Consequently, key money managers were breaking ground themselves. AQR Capital Management, managed by Cliff Asness, established the biggest position in DURECT Corporation (NASDAQ:DRRX). AQR Capital Management had $0.7 million invested in the company at the end of the quarter. Greg Eisner’s Engineers Gate Manager also made a $0.2 million investment in the stock during the quarter. The only other fund with a new position in the stock is Peter Algert’s Algert Global.
Let’s now review hedge fund activity in other stocks similar to DURECT Corporation (NASDAQ:DRRX). We will take a look at AGM Group Holdings Inc. (NASDAQ:AGMH), RISE Education Cayman Ltd (NASDAQ:REDU), Profound Medical Corp. (NASDAQ:PROF), Carrols Restaurant Group, Inc. (NASDAQ:TAST), Ethan Allen Interiors Inc. (NYSE:ETH), Central Puerto S.A. (NYSE:CEPU), and Triumph Group Inc (NYSE:TGI). This group of stocks’ market valuations are closest to DRRX’s market valuation.

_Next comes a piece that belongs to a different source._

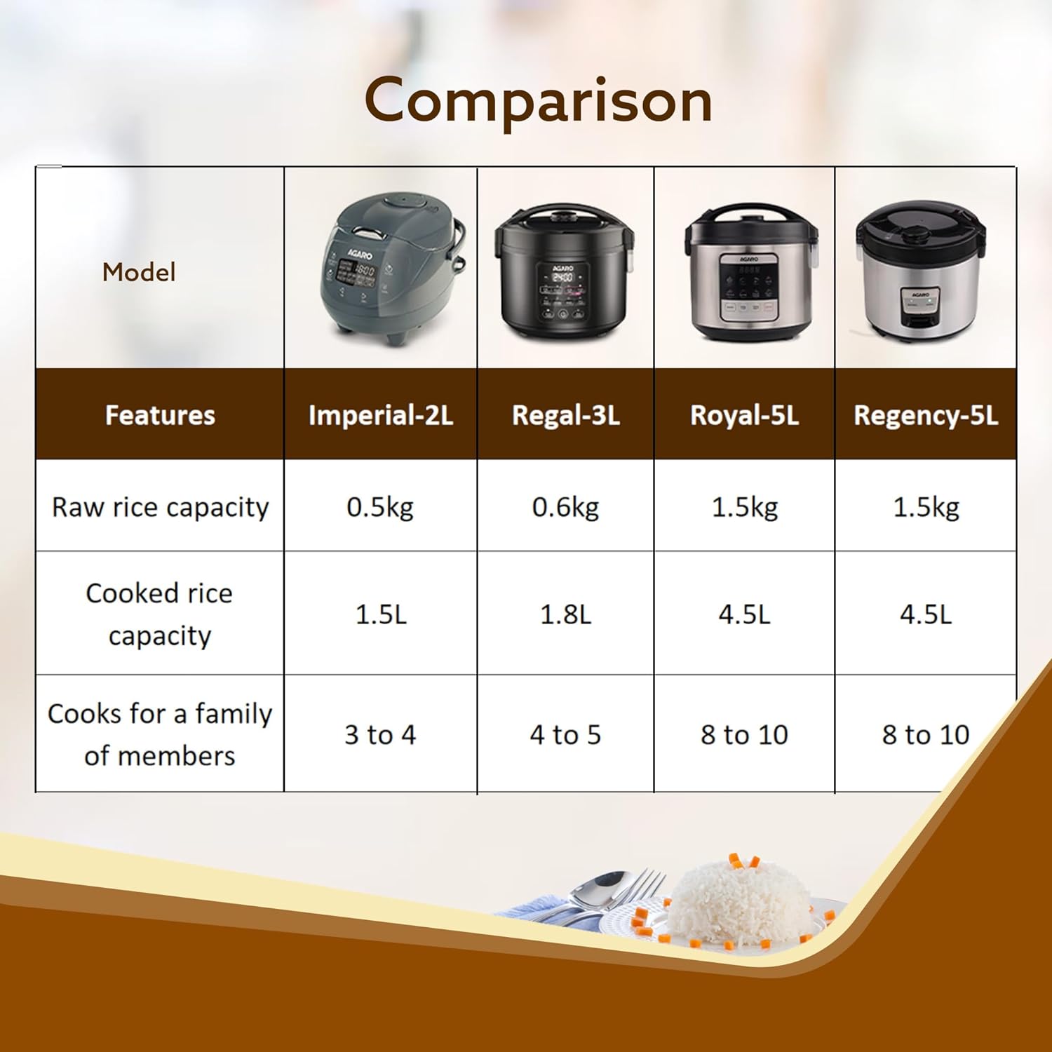 - Comes with 3 Litres 5-layer thick ceramic coated inner bowl with rice level lines

|Ticker||No of HFs with positions||Total Value of HF Positions (x1000)||Change in HF Position|
View table here if you experience formatting issues.

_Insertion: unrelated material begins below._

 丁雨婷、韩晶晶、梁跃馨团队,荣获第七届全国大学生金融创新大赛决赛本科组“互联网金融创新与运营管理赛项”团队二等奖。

As you can see these stocks had an average of 8.3 hedge funds with bullish positions and the average amount invested in these stocks was $26 million. That figure was $44 million in DRRX’s case. Ethan Allen Interiors Inc. (NYSE:ETH) is the most popular stock in this table. On the other hand AGM Group Holdings Inc. (NASDAQ:AGMH) is the least popular one with only 1 bullish hedge fund positions. DURECT Corporation (NASDAQ:DRRX) is not the least popular stock in this group but hedge fund interest is still below average. Our overall hedge fund sentiment score for DRRX is 53. Stocks with higher number of hedge fund positions relative to other stocks as well as relative to their historical range receive a higher sentiment score. This is a slightly negative signal and we’d rather spend our time researching stocks that hedge funds are piling on. Our calculations showed that top 20 most popular stocks among hedge funds returned 41.3% in 2019 and outperformed the S&P 500 ETF (SPY) by 10 percentage points. These stocks gained 31.6% in 2020 through December 2nd and surpassed the market again by 16 percentage points. Unfortunately DRRX wasn’t nearly as popular as these 20 stocks (hedge fund sentiment was quite bearish); DRRX investors were disappointed as the stock returned 7% since the end of September (through 12/2) and underperformed the market. If you are interested in investing in large cap stocks with huge upside potential, you should check out the top 20 most popular stocks among hedge funds as most of these stocks already outperformed the market in 2020.